Although minimal in nature, the background is markedly present thanks to a subtle array of textures and the photographer’s preference for a palette of pastel colours of varying density. Each colour and combination thereof is never the result of chance. Aptly chosen and skilfully matched, used to highlight objects or in a flight of fancy, they provide the viewer with a different possible interpretation of what he/she is seeing. The paired colours and different materials, whether real or imitated, accentuate the inherent force that lies within each precariously balanced tower and mound.

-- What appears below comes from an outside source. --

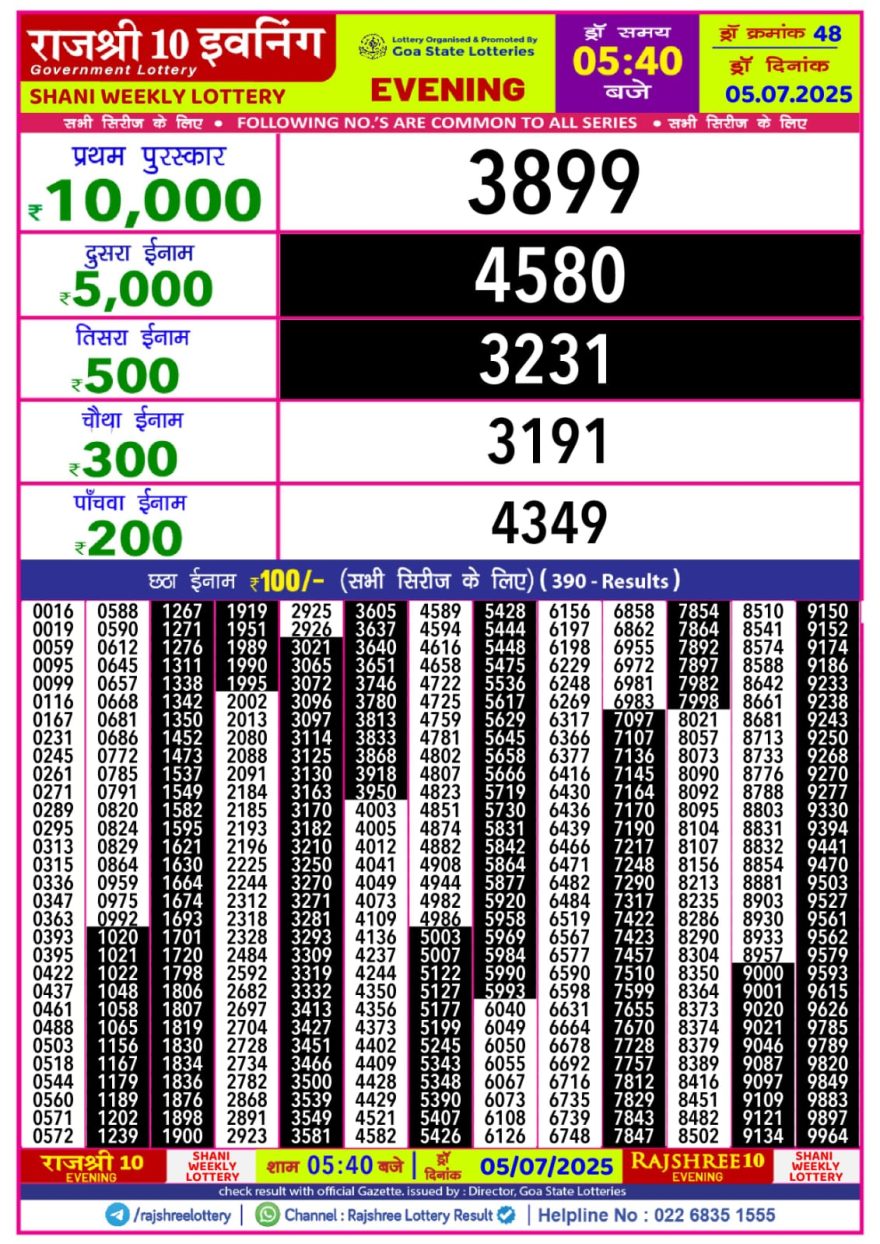 Rajshree 10 evening shani 5.40pm weekly lottery result 05/07/2025 July 5, 2025 Leave a Comment on Rajshree 10 evening shani 5.40pm weekly lottery result 05/07/2025 Related Results Rajshree 50 Shani Weekly Lottery Result 7.30pm 13/12/2025 Rajshree Saturday 8pm Weekly Lottery Result 13/12/2025 Rajshree 10 Evening Shani 5.40pm Weekly Lottery Result 13/12/2025 Rajshree Orchid 4pm Weekly Lottery Result 13/12/2025

Like his previous series (Little Dolls, Murmurations, Icons and Totems), Alain Delorme’s work is open to interpretation, free of judgement or any sort of conformism. If these assemblies remind some people of ex-votos, iconic offerings giving thanks to the great god of mass consumption and his overwhelming generosity, I personally see an indication of the photographer’s desire to reveal the excesses of consumer society. He proposes an amusing anthropological analysis and, as he so often does, positions himself as both a spectator and a participant in this loss of control. Combining absurdity and fascination, he examines and reveals without condemning, bearing witness to the situation with just a hint of mischief. His work provides food for thought, encouraging us to reflect on what the world is doing and the consequences of our actions. When self-centred humanity rushes to accumulate food in answer to an artificial sense of necessity, it reveals the state of anomie (a lack of social or moral standards) that characterises communities suffering from the chaos caused by the absence of generally accepted rules, cooperation and notions of what is good behaviour.
To what is a rather dark analysis, I’ll conclude with some thoughts of life’s happier moments. Man is an animal that is capable of adapting to many different situations and so, even confined to our homes with our children, let’s huff and puff on Delorme’s floury stalagmite because, after all, you have to keep the kids occupied — and never forget the importance of the bursts of laughter.